General manager Catherine Dale, mayor Lindsay Brown, infrastructure services director Warren Sharpe, planning director Lindsay Usher, tourism and communications manager Catherine Reilly, and several other members of staff attended the meeting designed to help residents understand the special rate variation (SRV) and provide feedback.
The 5 per cent increase, if approved, will compound over three years, and, if an annual rate peg rise of 3 per cent is also applied, average ratepayers will pay about $212 more on their annual bill by 2017-18.
Council plans to use the extra funds on a range of new and backlogged infrastructure projects.
The council meeting was held after more than 100 residents gathered at Long Beach on Saturday to protest the rise, unanimously voting to send the council a clear message: We don’t want a rate variation.
At the Moruya meeting on Monday, residents were open to discussing the challenges faced by local government and at least two supported the rise.
However, many expressed concern about how pensioners and those on fixed incomes would accommodate the impost.
Batemans Bay’s Ray Stabler said that with the increased cost of living on top of the rate rise, pensioners would find it difficult to make ends meet.
“Pensions are fixed,” he said.
“You can’t go and ask Centrelink for an increase in pension. So what you have to do is you cut back… and there is a limit to how much you can cut back.
“I’m extremely angry with this council in actually putting this proposal forward, and I will vote against it.”
Dr Dale said that just as residents were facing increasing costs in living, so too was council, after years of rate pegging by the state government.
“Even if the (annual rate) increases are 3 per cent, you often find the building costs are going up 4 per cent,” she said.
“You talk about electricity and power – council pays for the street lights, so suddenly we have got a 74 per cent increase that we need to find.

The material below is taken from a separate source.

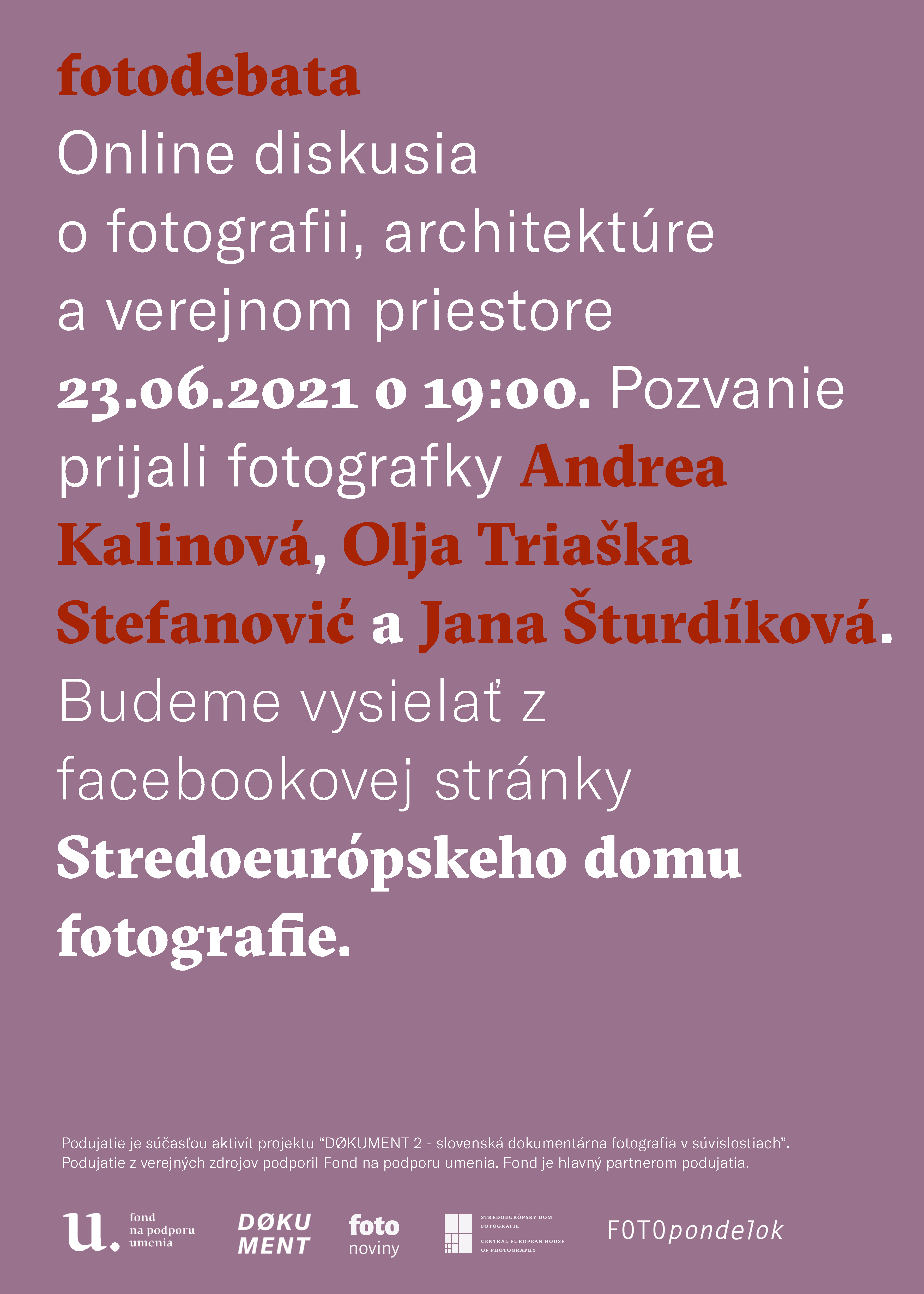 Online diskusia o fotografii, architektúre a verejnom priestore. Hostia: Andrea Kalinová, Olja Triaška Stefanović a Jana Šturdíková. Moderuje: Ján Viazanička

“That’s why we’ve come to the community with the potential special rate variation because we’re like ducks – we’re paddling madly but just staying afloat.”
Neal Gray, from Campbelltown, pays rates on his family holiday home at South Durras.
He attended the meeting and supported the proposition.
“The information that has come out tonight is that you really care about the area and you want the best,” he said.
“As far as having a $200 increase in rates, even though I’m on part pension, and it’s for our family holiday place, I think that’s really quite reasonable compared to the rates you’re going to pay elsewhere.
“If you don’t have infrastructure in the local area, people won’t come. Your businesses will die… if you don’t maintain the parks, the shops, everything, people will go elsewhere.”
Dr Dale made it clear council had not made a decision on whether to apply to the state government to implement the increase.
She said the council had gone to great lengths to consult with the community, including establishing a dedicated website, a hotline, undertaking a telephone survey, writing to ratepayers and holding a series of information sessions.
“We’re trying to engage as many people as possible in relation to this issue,” she said.
Another council information session will be held at the Batemans Bay Library on Monday.